18 Nov 2021 7:13am, by
debugging
This is part 5 of a series entitled Living with Kubernetes:
1. API Lifecycles and You
2. Cluster Upgrades
3. Multicluster Management
4. Debug Clusters in 8 Commands

Justin Garrison
Justin is a senior developer advocate at Amazon Web Services (AWS).

In my previous article, I showed you how to debug a Kubernetes cluster in eight commands. Now we need to look at what happens when your workloads are not working as you might expect.

It doesn’t matter if you get the dreaded CrashLoopBack or other failures. The commands here will help you narrow down workload problems, so you can fix them. We’ll stick with commands that should work in any cluster, no matter where you run it. We also won’t assume you have centralized metrics or logging outside of installing a metrics server.

Most of the commands will use kubectl commands or plugins which you can install via krew. If you don’t want to use the plugins, you can usually get the same information from kubectl, but the plugins will format the data to make it easier to debug.

We will make the assumption that your code works, and you know which application is broken and where it’s running. Kubernetes can’t fix broken code.
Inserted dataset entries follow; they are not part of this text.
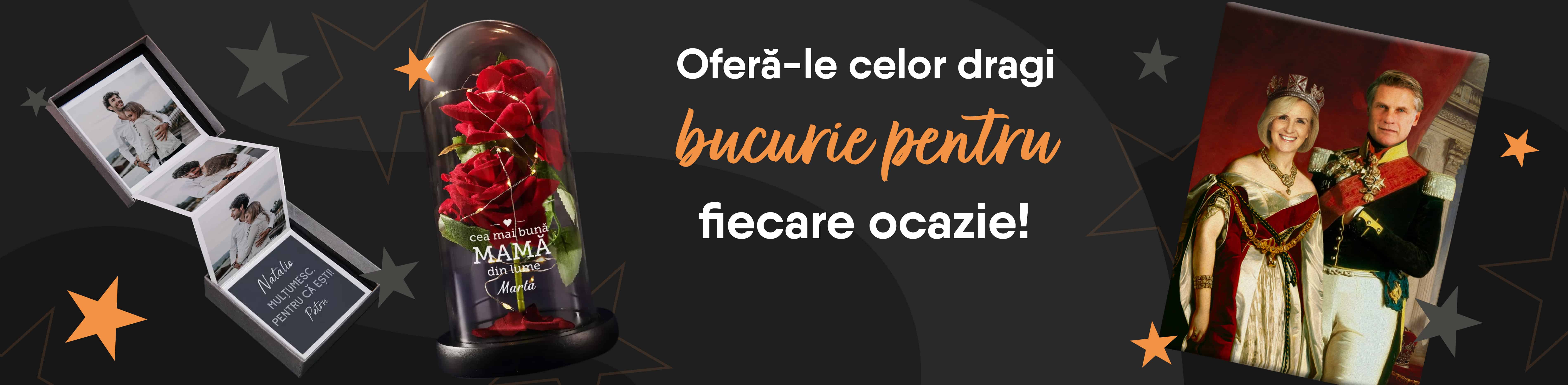 Sunt atât de multe oportunități încât – dacă insisti – vei găsi ceva în fiecare zi. Nu se poate nega că tuturor ne place să sărbătorim, iar cu o asemenea frecvență nu este întotdeauna posibil să venim cu ideea potrivită pentru un cadou. În afară de ocazii precum Ziua Morcovului sau Ziua Mondială a Elefantului, există încă o mulțime. Cand ne pregatim cadourile personalizate, tinem cont de toate posibilitatile, astfel incat sa poti potrivi perfect cadoul tau. Mai ales când trebuie să cumperi multe dintre ele și timpul se scurge. Cred că știm cu toții că este vorba despre nebunia cumpărăturilor care începe undeva la sfârșitul lunii noiembrie. Atunci cadourile personalizate online vor fi o soluție perfectă. Aici vei găsi visul tău Cadou de Crăciun. Fără stres și bătăi de cap, vei alege ceva pentru întreaga familie și toți prietenii tăi. Atât când vine vorba de idei de cadouri cu motive speciale de Crăciun, cât și de cadouri mai universale, potrivite pentru multe ocazii. De exemplu, ziua numelui, la urma urmei, cineva o sărbătorește în fiecare zi, nu? Acesta este un moment bun pentru a răsfoi cadourile noastre online și pentru a alege ceva special. Colecția noastră include și idei originale pentru cadouri de ziua de naștere, cadouri speciale pentru nunți și aniversări, mărunțișuri drăguțe pentru botez sau împărtășire și multe, multe altele.Cadouri online pentru cei dragi
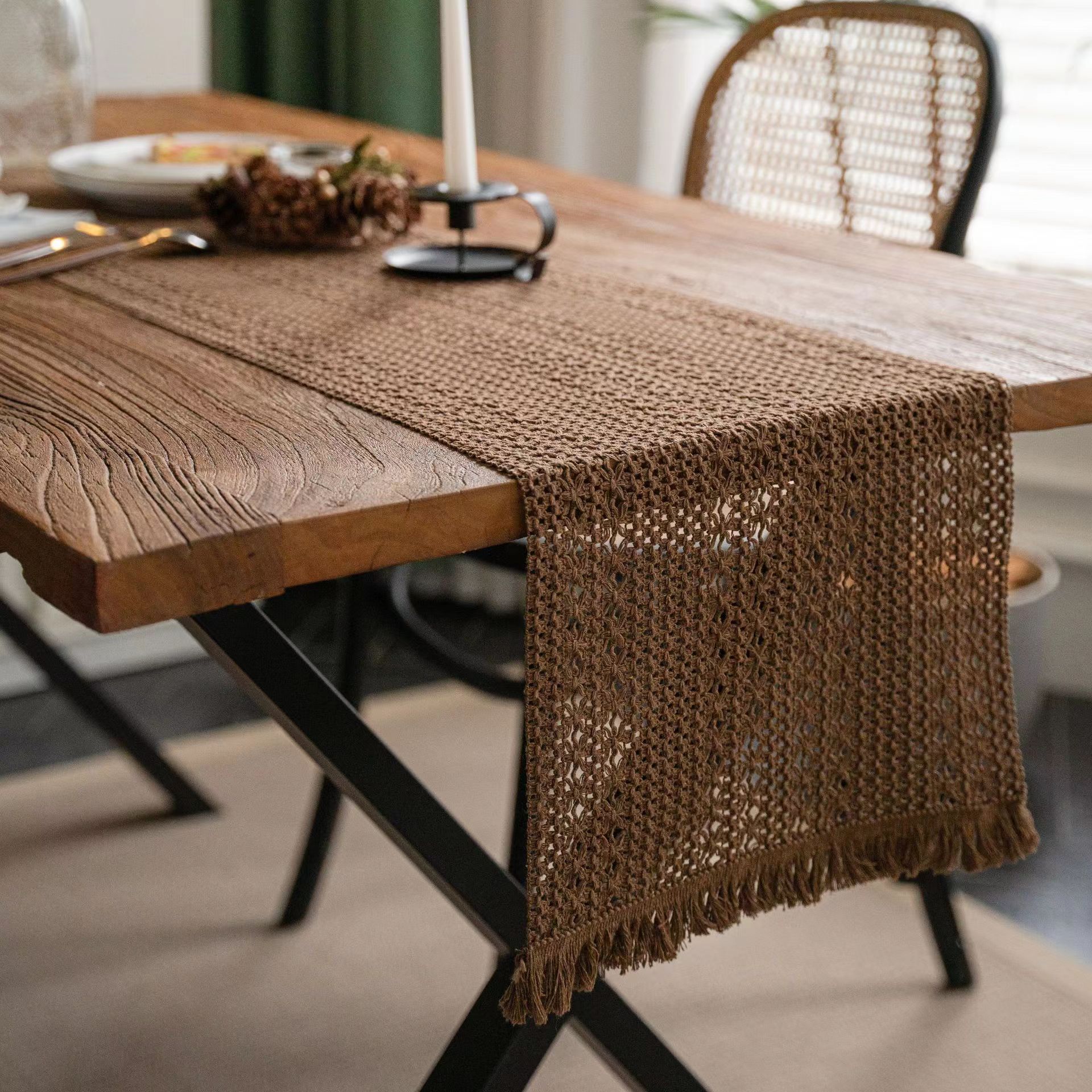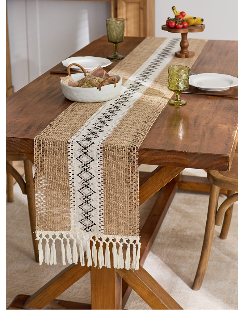 クロスボーダー熱売綿麻テーブル旗ボヘミアン風結び流蘇アメリカ式軽贅沢高級感祝日食卓装飾
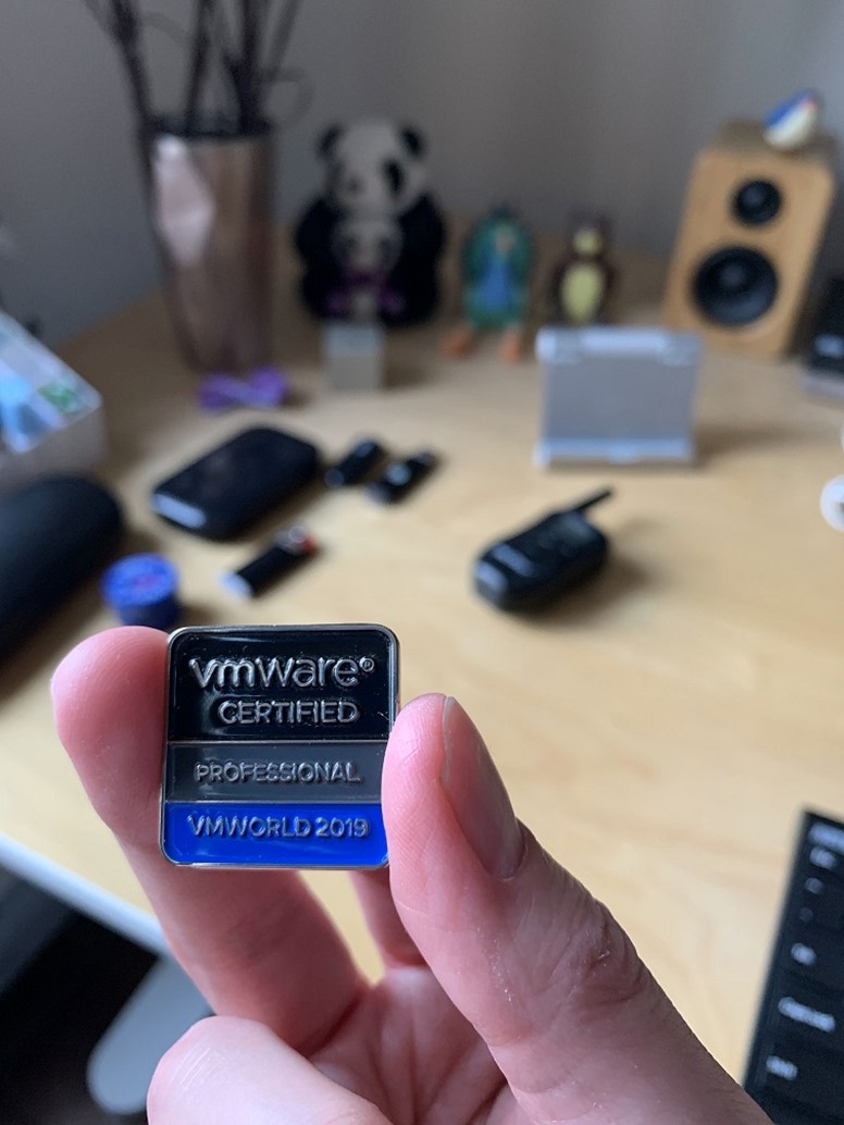 My path to the VMware VCP DCV cert / status started all the way back in 2019. I didn’t actually start studying in 2019, but I was given this pin from my former co-worker Pascal Proulx after he attended the VMWorld 2019 event.

But if your container won’t start or the application gets intermittent errors, here’s where you can start. We’ll skip specifics — such as finding which cluster, region or namespace the application is running, or which version is current — because those will be unique to your environment.

There are different types of workload errors, so we’ll break it down into three stages of troubleshooting:

  • Workloads won’t run
  • Cannot access workloads
  • Debug specific pods

The example commands and screenshots use a dummy workload called “spider,” so any time you see spider*, $LABEL or $POD in a command, you should replace it with your workload name.

Workloads Won’t Run

This first category of errors applies to all workloads in a cluster. It doesn’t matter if it is a deployment, DaemonSet or cron job. In each case, the thing that runs on your nodes is a group of containers known as a pod. Pods are the smallest unit of work in Kubernetes, so it’s not surprising we need to look at pods to fix application issues.

Just like with cluster troubleshooting, you should start with a breadth-first approach and narrow in on specific problems. The application probably isn’t failing everywhere, so we should first look at where it is failing, what has changed, and what is different.

The example commands we’ll use will only look at the default namespaces, but you should add -n $NAMESPACE for your particular workloads. The ultimate goal of all of these commands is to get you to the log line or error message that says why something didn’t run. That could be from your infrastructure provider, a Kubernetes controller or your application.

1. kubectl get events –field-selector type=Warning –all-namespaces

kubectl get events

First we should start as broad as possible in the cluster. Depending on how large and how many workloads are in your cluster, this command might have a lot of output. In smaller clusters, it could have just enough to point out some obvious problems for why a workload isn’t working.

You will likely see errors with controllers and Kubernetes components in this command, which might show you why or where something failed. In our example screenshot, you can see that there are warnings because we couldn’t allocate an IP address to the pods. We would probably see these same errors in the kubelet logs, but looking at all warnings in a cluster will show us how errors might cascade into different controllers.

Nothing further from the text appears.